Some information about locale (was Re: [Python-Dev] repr vs. str and locales again)

Guido van Rossum guido@python.org
Mon, 22 May 2000 15:38:17 -0500


[Fredrik]
> > > - 8-bit binary arrays.  may contain binary goop, or text in some strange
> > >   encoding.  upper, strip, etc should not be used.

[Guido]
> > These are not strings.

[Ping]
> Indeed -- but at the moment, we're letting people continue to
> use strings this way, since they already do it.

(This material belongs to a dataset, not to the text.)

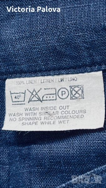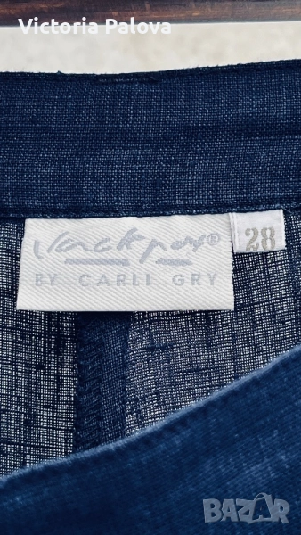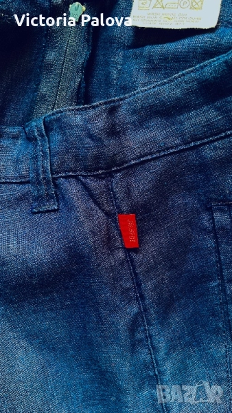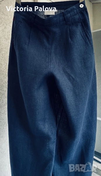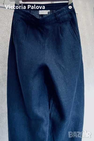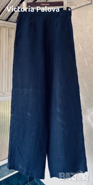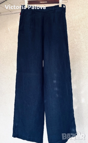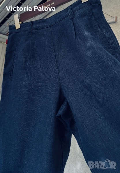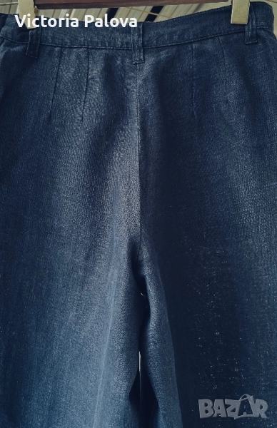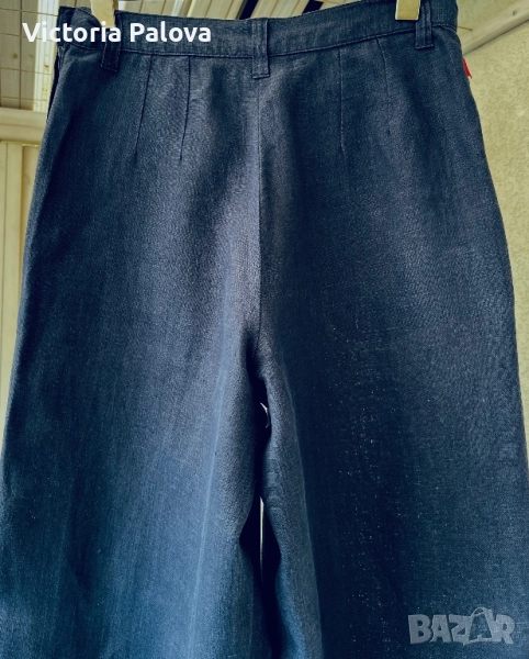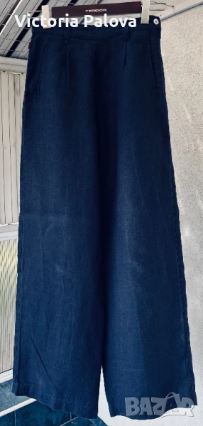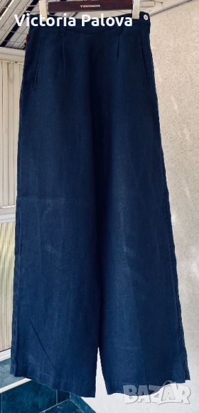 Широка кройка с висока талия и супер красиви стилни джобове - 100% лен , дишащ, тежък и много елегантен - лукс от датската мода. Перфектен wide-leg панталон за офисен блясък или уикенд приключения, комбиниращ елегантност и комфорт. Талия - 36см, дължина - 101см, крачол отвътре - 76см, широчината му - 33см горе и 26см долу, страничен цип.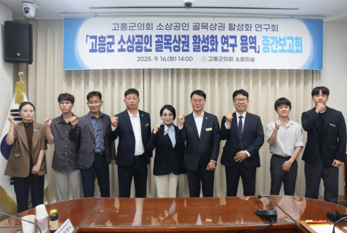 이번 중간보고회에는 ‘고흥군의회 소상공인 골목상권 활성화 연구회(대표 이재학, 간사 전명숙, 조영길・한승욱・김민열 의원)’의 주관으로 열렸으며, 류제동 의장, 연구회 간사 전명숙 의원을 비롯한 연구회 소속 의원, 연구용역 수행을 맡은 주식회사 착한동네 관계자, 관계 공무원 등이 참석했다.

Oops, mistake.  I thought that Fredrik (not Fred! that's another
person in this context!) meant the array module, but upon re-reading
he didn't.

> > > - 8-bit text strings using the system encoding.  upper, strip, etc works
> > >   as long as the locale is properly configured.
> > > 
> > > - 8-bit unicode text strings.  upper, strip, etc may work, as long as the
> > >   system encoding is a subset of unicode -- which means US ASCII or
> > >   ISO Latin 1.
> > 
> > This is a figment of your imagination.  You can use 8-bit text strings
> > to contain Latin-1, but you have to set your locale to match.
> 
> I would like it to be only the latter, as Fred, i, and others
Fredrik, right?
> have previously suggested, and as corresponds to your ASCII
> proposal for treatment of 8-bit strings.
> 
> But doesn't the current locale-dependent behaviour of upper()
> etc. mean that strings are getting interpreted in the first way?

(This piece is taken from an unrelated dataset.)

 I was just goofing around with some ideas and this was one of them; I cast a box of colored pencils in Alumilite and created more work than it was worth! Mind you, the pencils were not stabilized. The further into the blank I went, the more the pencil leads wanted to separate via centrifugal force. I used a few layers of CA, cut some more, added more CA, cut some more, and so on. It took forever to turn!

That's what I meant to say -- 8-bit strings use the system encoding
guided by the locale.

> > > is this complexity really worth it?
> > 
> > From a backwards compatibility point of view, yes.  Basically,
> > programs that don't use Unicode should see no change in semantics.
> 
> I'm afraid i have to agree with this, because i don't see any
> other option that lets us escape from any of these four ways
> of using strings...

Which is why I find Fredrik's attitude unproductive.

And where's the SRE release?

--Guido van Rossum (home page: http://www.python.org/~guido/)